Era um caso um pouco mais complexo, de fato a quantidade de dados no banco havia decolado (e muito) e os dados do cache de Payments não eram confiáveis nem suficientes, uma vez que eram simplesmente transacionais e expirava. Após mais uma reunião técnica, foi desvendado um novo caminho para a resolução desse problema: a criação de um microsserviço isolado, isso é, com banco de dados próprio, otimizado para resolver o problema que estava na mesa: análise e depuração de dados. O setup foi montado junto ao time de negócios e um analista de dados foi contratado para desvendar o caminho das pedras, no fim, foi decidido o seguinte:

  • Um microsserviço isolado seria criado, com seu escalonamento limitado, uma vez que não seria utilizado por uma vasta gama de clientes, mas mantendo sua independência para que não fosse afetado por picos externos na aplicação principal;
  • Um banco de dados do estilo time series seria criado para facilitar que os dados pudessem contar uma história de forma que os agentes de negócio pudessem realizar planejamentos mais coesos e ajudar os clientes de maneira mais assertiva;
  • Um pequeno worker (serviço isolado) foi criado para que, de maneira automática, pudesse sincronizar os dados criados no banco de dados com o novo banco de time series, fazendo as adaptações de modelagem necessárias para extrair os melhores insights. Tudo isso com uma disponibilidade de D+1, que no momento é o que o time de negócios precisa para poder atuar de maneira ágil (o suficiente).

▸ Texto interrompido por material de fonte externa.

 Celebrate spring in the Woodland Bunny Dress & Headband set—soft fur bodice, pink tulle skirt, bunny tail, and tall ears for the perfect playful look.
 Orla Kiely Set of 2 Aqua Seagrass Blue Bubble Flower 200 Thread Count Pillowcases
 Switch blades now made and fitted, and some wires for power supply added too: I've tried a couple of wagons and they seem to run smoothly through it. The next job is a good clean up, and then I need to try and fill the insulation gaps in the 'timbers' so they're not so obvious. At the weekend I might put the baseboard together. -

E assim vemos os finalmentes, uma arquitetura sólida (para as necessidades do negócio), efêmera (que sempre se altera de acordo com o que for preciso) e híbrida (que não seguirá cegamente um padrão de evolução apenas porque está descrito em algum livro, mas que se importa com nuances e sabe se organizar).

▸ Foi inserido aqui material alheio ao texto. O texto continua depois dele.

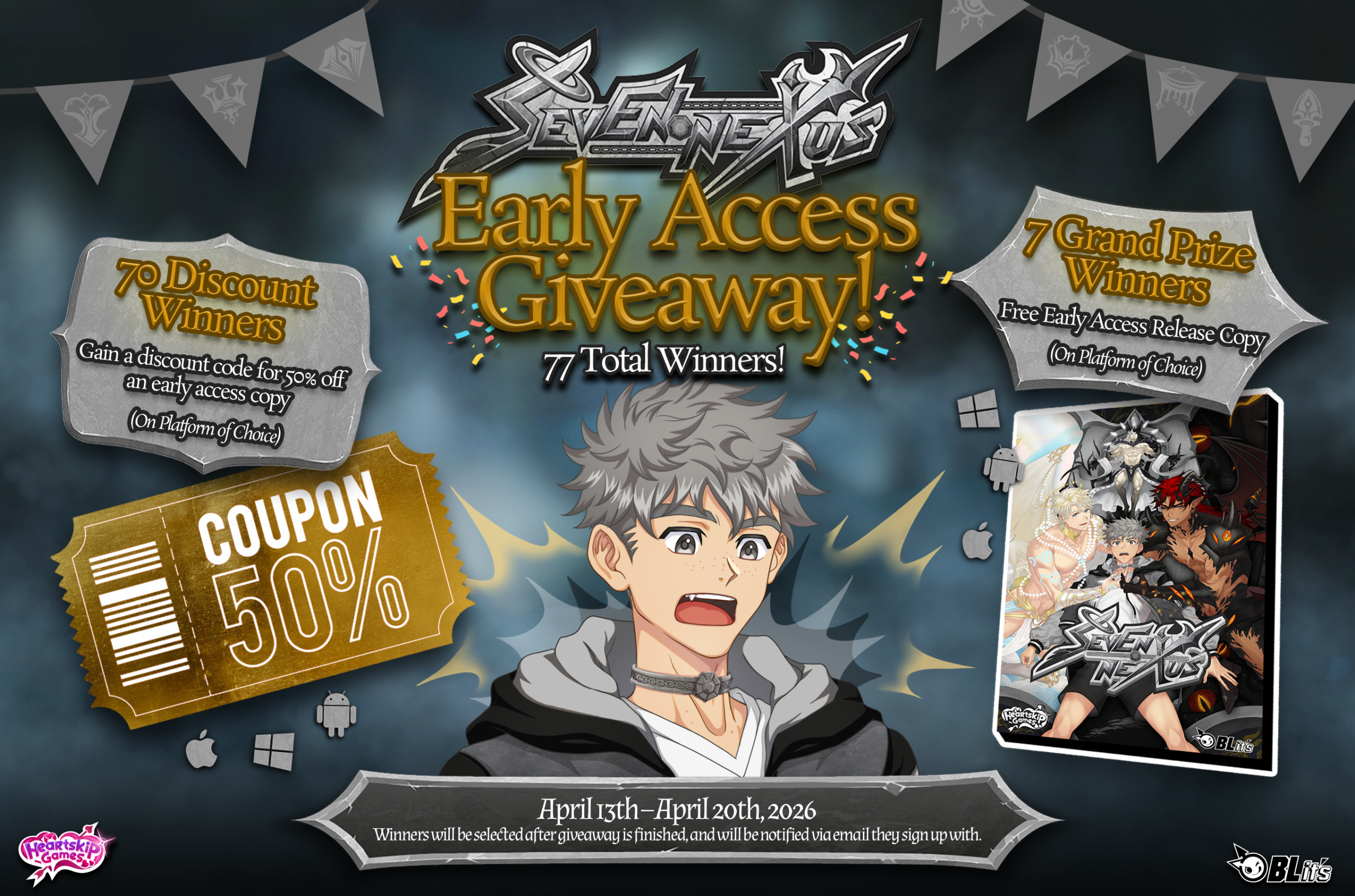 - Seventy Winners will receive a discount code for 50% off a purchase of Seven Nexus Early Access on the BLits Website!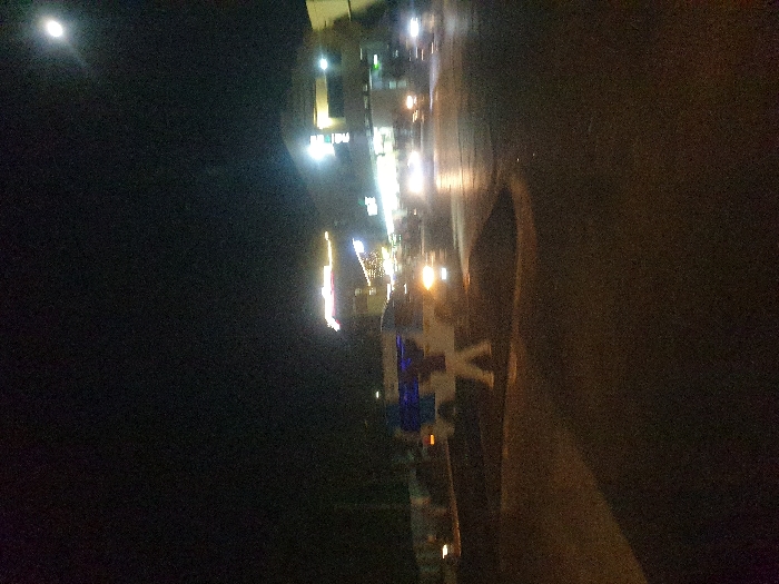 A nighttime scene shows a dark street with a row of buildings illuminated by lights. The buildings have bright white and yellowish lights, and some are adorned with decorative lighting. A sidewalk is visible next to the street. The left side of the image is dominated by a dark sky, with a bright moon or other celestial light source. The overall impression is a blend of urban and natural light in a dimly lit environment.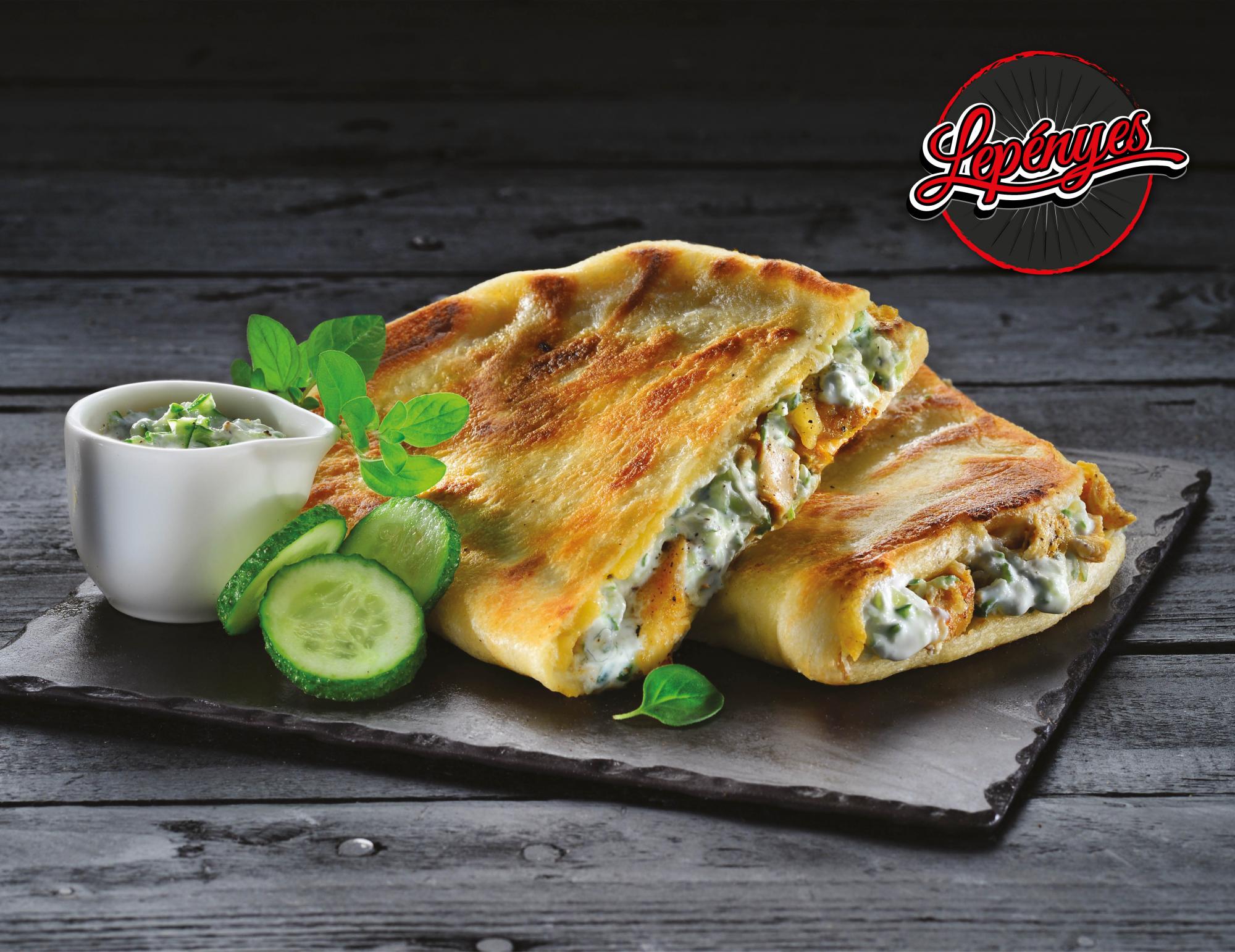 Kellemesen sült, mennyei illatú, rusztikus, kézzel nyújtott, kívül ropogós lepény görög fűszerezésű csirkemellel, tzatzikivel töltve.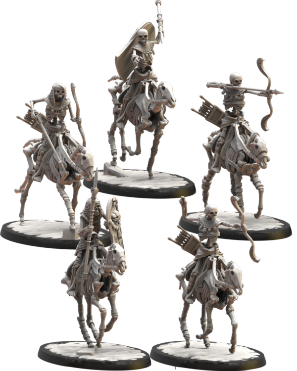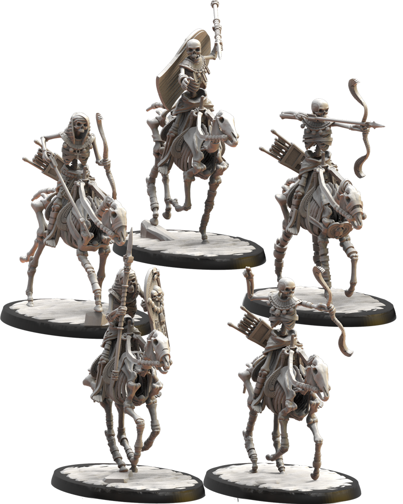 Oferujemy zestaw pięciu figurek Skeleton Cavalry (Second Dynasty Knights od Lost Kingdom), wydrukowany na drukarce żywicznej w rozdzielczości 4k.

Tecnologias e o que utilizar em cada caso

Muitas pessoas têm esse tipo de dúvida, a questão é que não existe uma "receita de bolo" para atuar nesse tipo de caso, até porque é possível que uma decisão tomada de maneira precipitada acabe prejudicando o sistema como um todo de uma maneira quase irreversível. A chave aqui é a comunicação, se você estiver em um lugar que valoriza experiências acima de certificações, conversar, fazer reuniões e papos técnicos é o melhor caminho. Afinal, entender do seu Cláudio da arquitetura que se lembra do fatídico incidente em 2009 onde uma implementação incerta quebrou a produção causando 300.000 dólares de prejuízo em vendas e foi resolvida de maneira calma, com um post-mortem coeso é melhor do que levar em consideração uma decisão tomada em 15 minutos totalmente enviesada do Adriano da engenharia que tem 3 certificações AWS e 2 certificações Azure, mas nunca participou de um war room nem colocou nada significante em produção. (Nomes e situações completamente fictícios)

No mais, existe um post no meu LinkedIn que não se relaciona diretamente com o assunto mas pode te dar insights valiosos sobre como tomar esse tipo de decisão. Veja aqui e até a próxima!

Ah e se você estiver se perguntando sobre eu não ter mencionado "o que é um pod e um container", ou algo como "utilize o EKS da seguinte maneira", o motivo é claro: nesse artigo, busquei utilizar da linguagem genérica a minha força, afinal, para cada solução existem N problemas e como eu sempre digo, não existe bala de prata. Mesmo assim, buscarei abordar assuntos mais nichados em artigos futuros.